A failing drive will return errors at bad sectors and fill those parts of the image file with invalid data. Restoring a damaged image to a new drive won't magically recreate the original bytes, so the best I could do was remove the damaged files.

After creating the backup images, I returned to my desktop system and mounted them using the Linux loopback pseudodevice to see what was broken. Listing Two(b) shows how that works for the first partition.

Loopback lets you manipulate the partition image with the same tools that work on an actual disk partition. Filesystem utilities such as fsck use the underlying pseudodevice, typically /dev/loop0 for the first file you mount this way. File-handling utilities, browsers, and suchlike refer to the mount point, which is /mnt/loop in Listing Two(b).

I managed to repair the filesystem errors by deleting the affected files, emptying the various directories that contain autostarting programs, and generally trimming the underbrush. The ClamAV virus scanner (www .clamav.net/) reported no hits, a pleasant surprise on a Windows box. All this fiddling ran much faster on the image than directly on the laptop, too.

Booting SRCd on the laptop again, I ran fsck on the drive to mark the bad sectors, deleted everything except the boot files required to start WinME, then used cp -au to copy everything from the repaired partition image back to the drive. You may not be able to use dd to restore an image file to a repaired partition, because it must maintain sector-by-sector alignment during the copy to keep the filesystem structures intact. Modern desktop drives can transparently remap failed sectors below the level of the filesystem, but that trick was beyond this drive's capabilities.

There's no good way to edit the Windows Registry using Linux, so I eventually had to boot WinME in Safe Mode on the laptop, uninstall several programs, then blowtorch a few recalcitrant programs with regedit. After several iterations of this, the laptop finally booted cleanly and ran well. My friend said that she didn't use the missing programs.

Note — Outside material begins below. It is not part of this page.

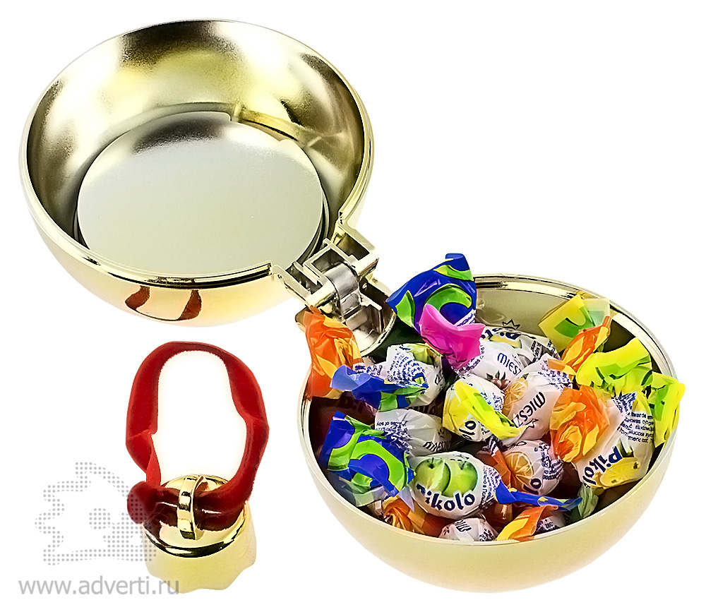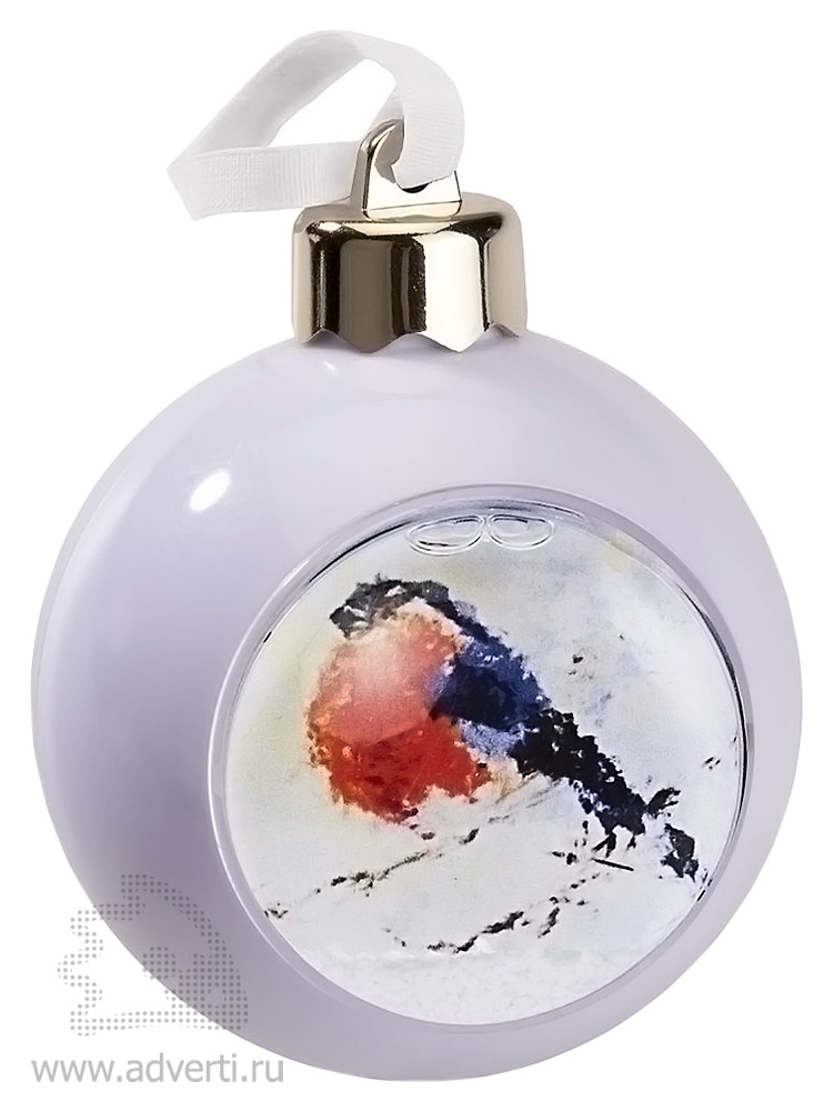 В такой шар-шкатулку можно положить все, что угодно. Конфетки или же маленький подарок, что-то вроде фигурки или же приятных офисных мелочей. А еще ее можно подвесить на елку. Стикер с снегирем заменяется на изображение вашего логотипа по желанию.

I transferred the compressed partition images to DVDs so I can restore the system with somewhat less effort when that drive finally fails completely. Regular backups would be nice, but it's out of my hands.

Speaking of images, the command dd if=/dev/cdrom of=image.iso makes an image backup of a CD. You can then burn the image to a CD-R to make a duplicate or mount it using loopback to read its contents, subject to the usual copyright and EULA issues.

After you're up to speed with PC restoration, try your hand at some embedded systems work.